Every once in a while, Colorado’s lawmakers reconsider caps placed on how much money victims of medical malpractice can be awarded in court. The process has created an arbitrary limit that soon falls behind the intended value of the awards.
So we were surprised to see what looked like an elegant solution to the problem die this week even before lawmakers debated its merits.
House Bill 1344 would have reset the amount of so-called non-economic, “pain and suffering” awards in medical malpractice lawsuits from the 2003 cap of $300,000. First capped in 1988, the awards remained at $250,000 all those years, despite values in current-day dollars steadily eroding due to inflation.
To fix that, HB 1344 proposed to recalibrate a new cap that brought the original $250,000 into today’s dollars, or about $460,000. Once reset, the measure would require the state to increase the award by the rate of inflation every year, effectively putting the process on autopilot.
But HB 1344’s sponsor, Rep. Christine Scanlan, D-Dillon, cut that measure during a committee hearing Monday, saying she couldn’t bring together doctors and trial lawyers to discuss it and adding that she doubted she had enough votes to pass it in the House, which seems odd.

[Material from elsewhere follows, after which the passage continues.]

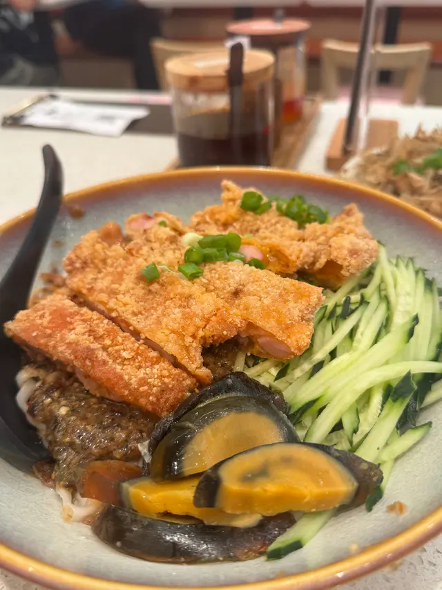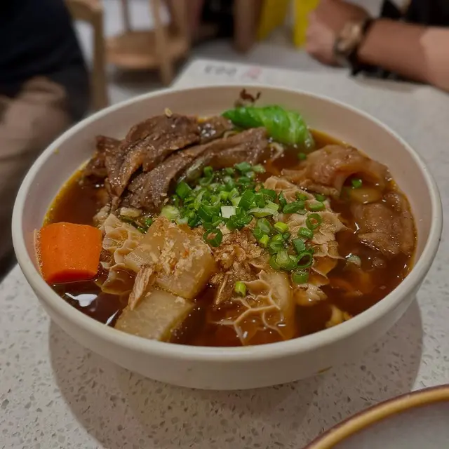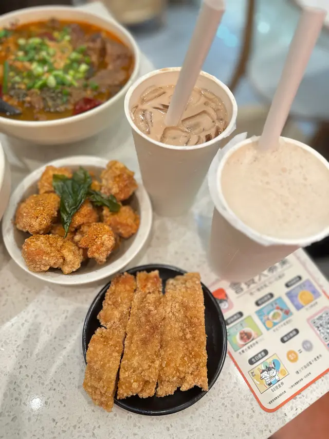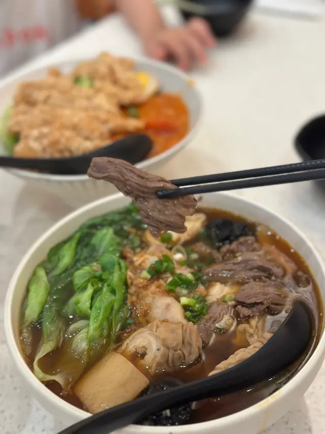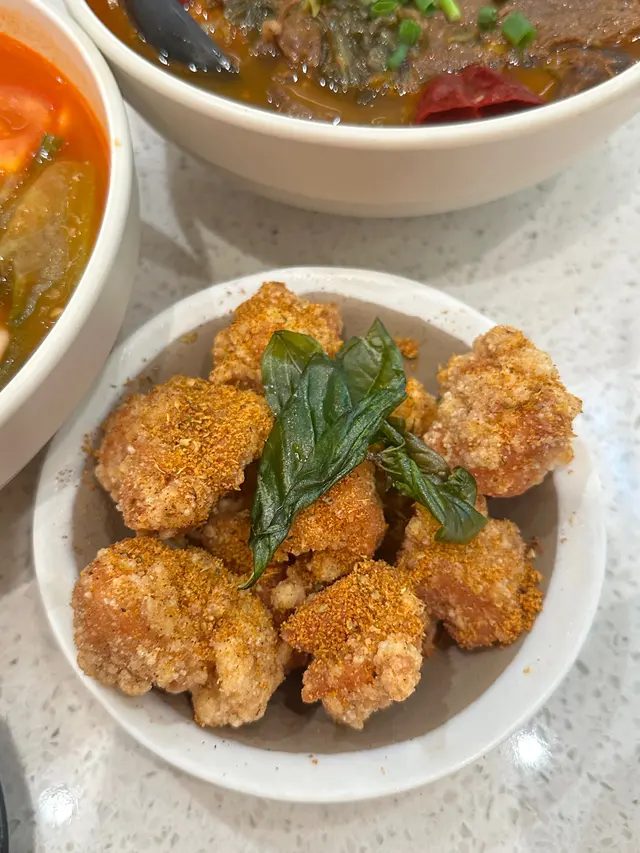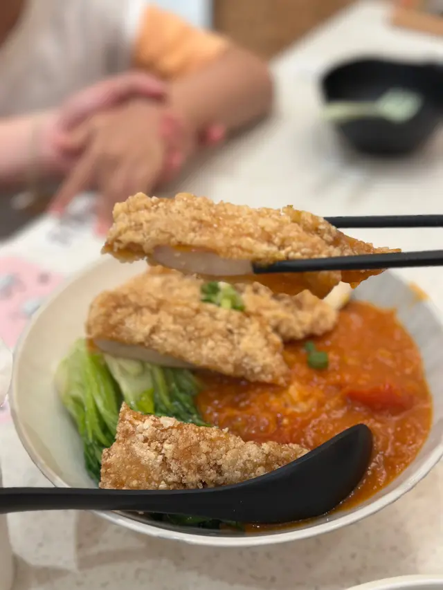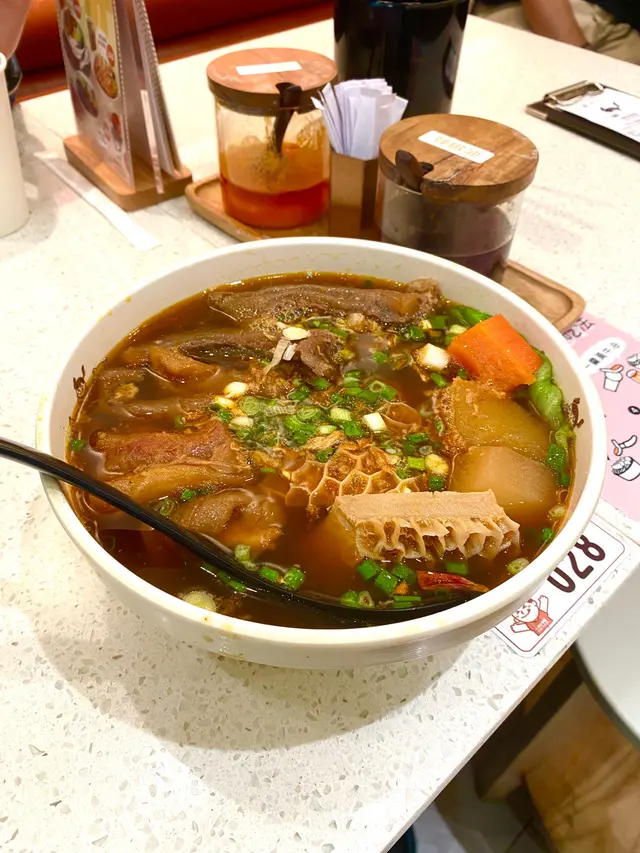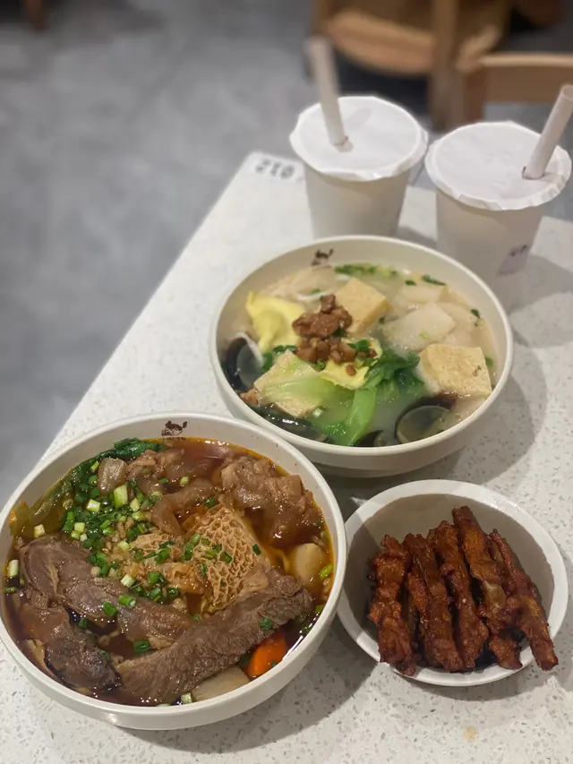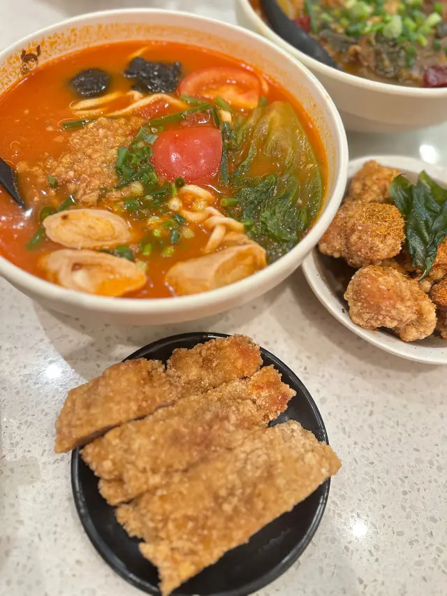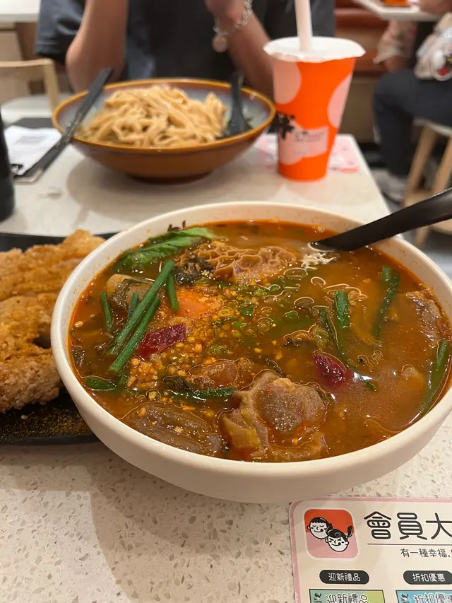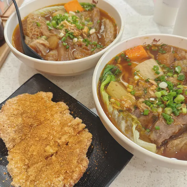 前排同朋友去元朗行街~發現呢度都開咗小胖台灣麵!之前喺屯門食過好好食,今次帶埋朋友一齊試吓🤤入到去空間好大乾淨衛生~裝修簡約風格,入咗QR code落單非常方便,有自助區域茶飲同埋餐具提供👍🏻美食⭐️⭐️⭐️⭐️⭐️🩵濃.純.香牛骨湯麵我加咗手切封門柳、滷水豬大腸、墨汁花枝丸 、魷魚焿 等等的配菜,牛肉湯濃郁鮮甜,落埋自家製黃牛油湯底昇華在一個層次~濃郁醇厚以牛大骨長時間熬煮,釋放骨髓的膠質與油脂,湯色呈現淺褐色,口感滑順濃稠,帶有淡淡中藥香氣但不搶戲。鹹鮮回甘🤤搭配蘿蔔增添自然甜味。麵條粗細適中👍🏻吸附湯汁卻保持彈性。🩵鴨屎香手打檸檬茶底清香~帶有濃郁的蘭花、茉莉花香,尾韻有蜜香或杏仁甜香。發酵輕盈,屬半發酵烏龍茶,茶湯金黃透亮,口感不苦澀,清爽回甘!新鮮檸檬選用黃檸檬+青檸混合,捶打出汁液與果皮油脂,釋放濃郁檸檬香氣~酸度柔和且帶果皮清香。🩵甘梅脆地瓜 地瓜咬下時外皮喀滋酥脆,內裡地瓜綿密香甜,熱氣帶出濃郁的薯香。地瓜沾滿甘梅粉的鹹甜完美中和地瓜的甜膩,超級開胃!🩵鮮茄滷蛋雞扒便當炸雞扒超大份,非常鬆脆🤤連埋蕃茄醬汁超開胃,撈飯一流👍🏻小朋友都好鍾意食😋值得推薦俾大家👍🏻🩵古早味手搖酸梅⭐️⭐️只要下載「小胖會員」 App⭐️⭐️!!免費送鹽酥雞一份!!💡食得多獎得愈多,食得至抵~💡積分換領系統💡迎新優惠,升級優惠💡提供不同折扣嘅優惠券💡仲有增值愈多回贈就愈多嘅預付卡…查看更多

Democrats control the chamber, and this would seem an issue tailor-made for them.
What’s even more odd, HB 1344 survives and contains a provision we can’t imagine makes good sense for Colorado.

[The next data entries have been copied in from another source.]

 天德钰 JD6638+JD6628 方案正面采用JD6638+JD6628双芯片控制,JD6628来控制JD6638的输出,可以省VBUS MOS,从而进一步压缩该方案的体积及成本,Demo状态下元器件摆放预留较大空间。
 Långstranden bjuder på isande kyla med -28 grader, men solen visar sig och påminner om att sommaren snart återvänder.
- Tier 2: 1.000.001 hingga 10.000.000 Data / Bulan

The House Judiciary Committee passed the altered bill that would require insurers to prove they risk insolvency in order to raise their rates, and also to win approval from the state’s Division of Insurance to raise malpractice premiums by more than 5 percent.
That seems like a reckless solution to a problem that doesn’t exist.

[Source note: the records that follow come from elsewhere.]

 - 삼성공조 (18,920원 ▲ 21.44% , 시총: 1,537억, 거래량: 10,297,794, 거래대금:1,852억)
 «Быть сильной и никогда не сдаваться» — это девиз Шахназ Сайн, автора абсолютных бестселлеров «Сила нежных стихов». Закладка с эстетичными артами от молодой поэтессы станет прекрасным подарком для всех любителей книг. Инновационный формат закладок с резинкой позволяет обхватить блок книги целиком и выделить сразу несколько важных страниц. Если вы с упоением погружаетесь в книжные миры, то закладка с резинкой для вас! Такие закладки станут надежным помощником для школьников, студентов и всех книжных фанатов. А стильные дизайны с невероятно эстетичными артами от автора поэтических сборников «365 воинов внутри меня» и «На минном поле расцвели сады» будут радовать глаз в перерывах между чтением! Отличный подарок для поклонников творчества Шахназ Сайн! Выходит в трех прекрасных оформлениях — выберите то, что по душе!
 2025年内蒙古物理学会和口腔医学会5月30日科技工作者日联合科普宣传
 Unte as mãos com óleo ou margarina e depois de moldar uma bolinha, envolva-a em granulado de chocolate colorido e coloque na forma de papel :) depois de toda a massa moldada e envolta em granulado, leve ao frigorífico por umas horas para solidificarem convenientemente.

A version of this measure (Senate Bill 164) failed during last year’s session, and we opposed it because it would have restricted insurers from raising rates even while it raised the caps on awards — a move that risked breaking insurers.
The bill also would have created a new “economic damages” award to include disfigurement and impairment.
Proponents of HB 1344 tell us they were led to believe that if they stripped out the new “economic damages” award this session, the recalibration measure would be acceptable.
Apparently that’s not the case.
The process of setting caps on malpractice awards is meant to prevent headline-grabbing, out-of-control jury awards that might steer talented doctors away from Colorado.
But when doctors make mistakes, the victims deserve reasonable awards.
We encourage lawmakers to reopen the debate on recalibrating the “pain and suffering” cap next year and drop any interest in adding more regulation to the insurance industry.